* **TO DO**: Without the pictures, copy the entries below word for word.

* **MATERIAL SHOWN**:
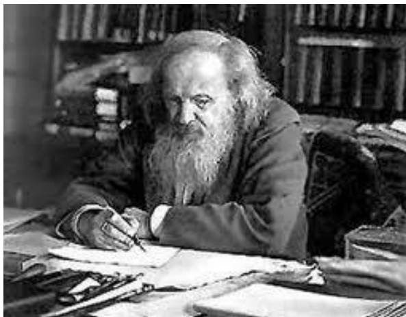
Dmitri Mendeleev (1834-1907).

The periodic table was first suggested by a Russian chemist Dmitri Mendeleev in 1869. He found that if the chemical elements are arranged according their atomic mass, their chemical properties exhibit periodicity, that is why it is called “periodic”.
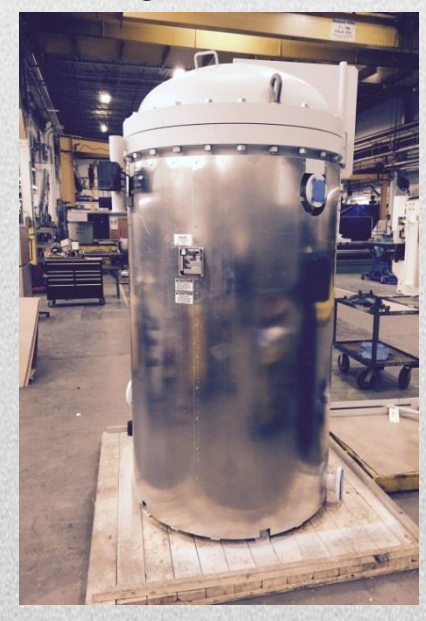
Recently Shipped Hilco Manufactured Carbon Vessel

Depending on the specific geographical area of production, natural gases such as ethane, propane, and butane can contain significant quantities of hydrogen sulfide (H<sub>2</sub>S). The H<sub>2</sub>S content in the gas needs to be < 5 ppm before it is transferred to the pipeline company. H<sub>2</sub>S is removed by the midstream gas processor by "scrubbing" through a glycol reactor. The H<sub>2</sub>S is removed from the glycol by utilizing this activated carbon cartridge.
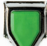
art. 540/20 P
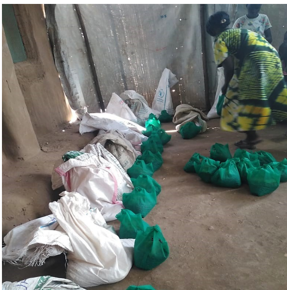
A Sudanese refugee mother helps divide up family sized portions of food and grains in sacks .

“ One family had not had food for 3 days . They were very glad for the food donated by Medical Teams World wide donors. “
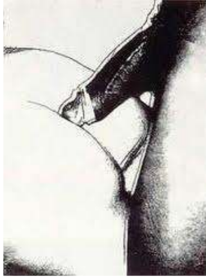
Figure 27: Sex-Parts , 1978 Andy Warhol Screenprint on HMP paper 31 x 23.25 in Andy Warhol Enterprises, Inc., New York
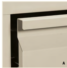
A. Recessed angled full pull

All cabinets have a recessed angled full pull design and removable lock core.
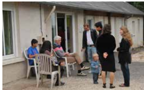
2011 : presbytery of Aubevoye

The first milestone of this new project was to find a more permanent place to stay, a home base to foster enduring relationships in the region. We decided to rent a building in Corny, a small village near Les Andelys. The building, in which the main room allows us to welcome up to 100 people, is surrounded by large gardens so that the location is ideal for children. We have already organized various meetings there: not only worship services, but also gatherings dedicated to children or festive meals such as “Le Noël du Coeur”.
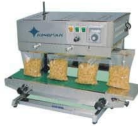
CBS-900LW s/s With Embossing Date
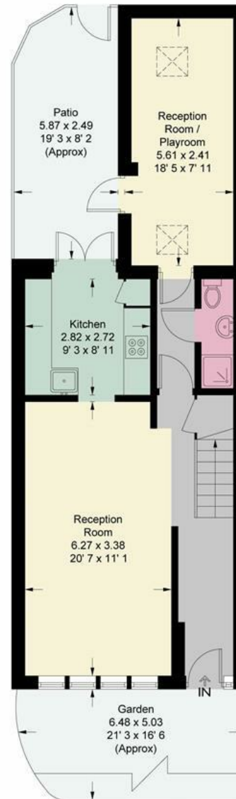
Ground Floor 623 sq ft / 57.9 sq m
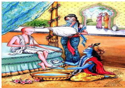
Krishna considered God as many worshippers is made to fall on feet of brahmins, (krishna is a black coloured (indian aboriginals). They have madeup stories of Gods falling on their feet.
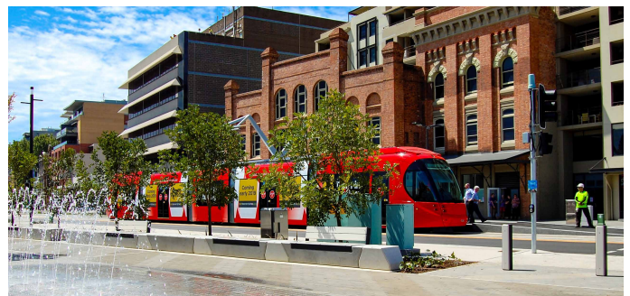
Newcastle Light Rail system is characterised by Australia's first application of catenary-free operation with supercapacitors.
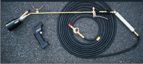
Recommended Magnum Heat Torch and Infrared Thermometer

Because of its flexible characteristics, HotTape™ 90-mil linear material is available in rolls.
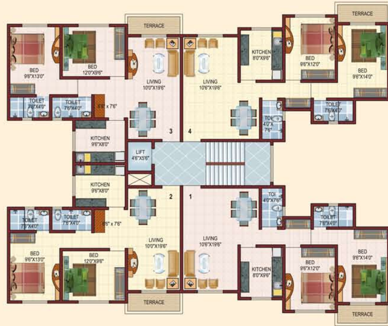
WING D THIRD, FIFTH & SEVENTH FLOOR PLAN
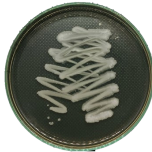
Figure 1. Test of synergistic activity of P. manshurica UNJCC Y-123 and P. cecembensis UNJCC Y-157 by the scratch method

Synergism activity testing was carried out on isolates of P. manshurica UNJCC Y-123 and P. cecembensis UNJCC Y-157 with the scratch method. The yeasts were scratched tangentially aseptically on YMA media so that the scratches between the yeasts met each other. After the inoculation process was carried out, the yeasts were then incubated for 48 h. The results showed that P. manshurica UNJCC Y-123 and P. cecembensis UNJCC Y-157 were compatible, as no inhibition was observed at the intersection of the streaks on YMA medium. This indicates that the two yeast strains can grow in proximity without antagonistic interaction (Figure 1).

* **TASK RESULT**:
Dmitri Mendeleev (1834-1907).

The periodic table was first suggested by a Russian chemist Dmitri Mendeleev in 1869. He found that if the chemical elements are arranged according their atomic mass, their chemical properties exhibit periodicity, that is why it is called “periodic”.
Recently Shipped Hilco Manufactured Carbon Vessel

Depending on the specific geographical area of production, natural gases such as ethane, propane, and butane can contain significant quantities of hydrogen sulfide (H<sub>2</sub>S). The H<sub>2</sub>S content in the gas needs to be < 5 ppm before it is transferred to the pipeline company. H<sub>2</sub>S is removed by the midstream gas processor by "scrubbing" through a glycol reactor. The H<sub>2</sub>S is removed from the glycol by utilizing this activated carbon cartridge.
art. 540/20 P
A Sudanese refugee mother helps divide up family sized portions of food and grains in sacks .

“ One family had not had food for 3 days . They were very glad for the food donated by Medical Teams World wide donors. “
Figure 27: Sex-Parts , 1978 Andy Warhol Screenprint on HMP paper 31 x 23.25 in Andy Warhol Enterprises, Inc., New York
A. Recessed angled full pull

All cabinets have a recessed angled full pull design and removable lock core.
2011 : presbytery of Aubevoye

The first milestone of this new project was to find a more permanent place to stay, a home base to foster enduring relationships in the region. We decided to rent a building in Corny, a small village near Les Andelys. The building, in which the main room allows us to welcome up to 100 people, is surrounded by large gardens so that the location is ideal for children. We have already organized various meetings there: not only worship services, but also gatherings dedicated to children or festive meals such as “Le Noël du Coeur”.
CBS-900LW s/s With Embossing Date
Ground Floor 623 sq ft / 57.9 sq m
Krishna considered God as many worshippers is made to fall on feet of brahmins, (krishna is a black coloured (indian aboriginals). They have madeup stories of Gods falling on their feet.
Newcastle Light Rail system is characterised by Australia's first application of catenary-free operation with supercapacitors.
Recommended Magnum Heat Torch and Infrared Thermometer

Because of its flexible characteristics, HotTape™ 90-mil linear material is available in rolls.
WING D THIRD, FIFTH & SEVENTH FLOOR PLAN
Figure 1. Test of synergistic activity of P. manshurica UNJCC Y-123 and P. cecembensis UNJCC Y-157 by the scratch method

Synergism activity testing was carried out on isolates of P. manshurica UNJCC Y-123 and P. cecembensis UNJCC Y-157 with the scratch method. The yeasts were scratched tangentially aseptically on YMA media so that the scratches between the yeasts met each other. After the inoculation process was carried out, the yeasts were then incubated for 48 h. The results showed that P. manshurica UNJCC Y-123 and P. cecembensis UNJCC Y-157 were compatible, as no inhibition was observed at the intersection of the streaks on YMA medium. This indicates that the two yeast strains can grow in proximity without antagonistic interaction (Figure 1).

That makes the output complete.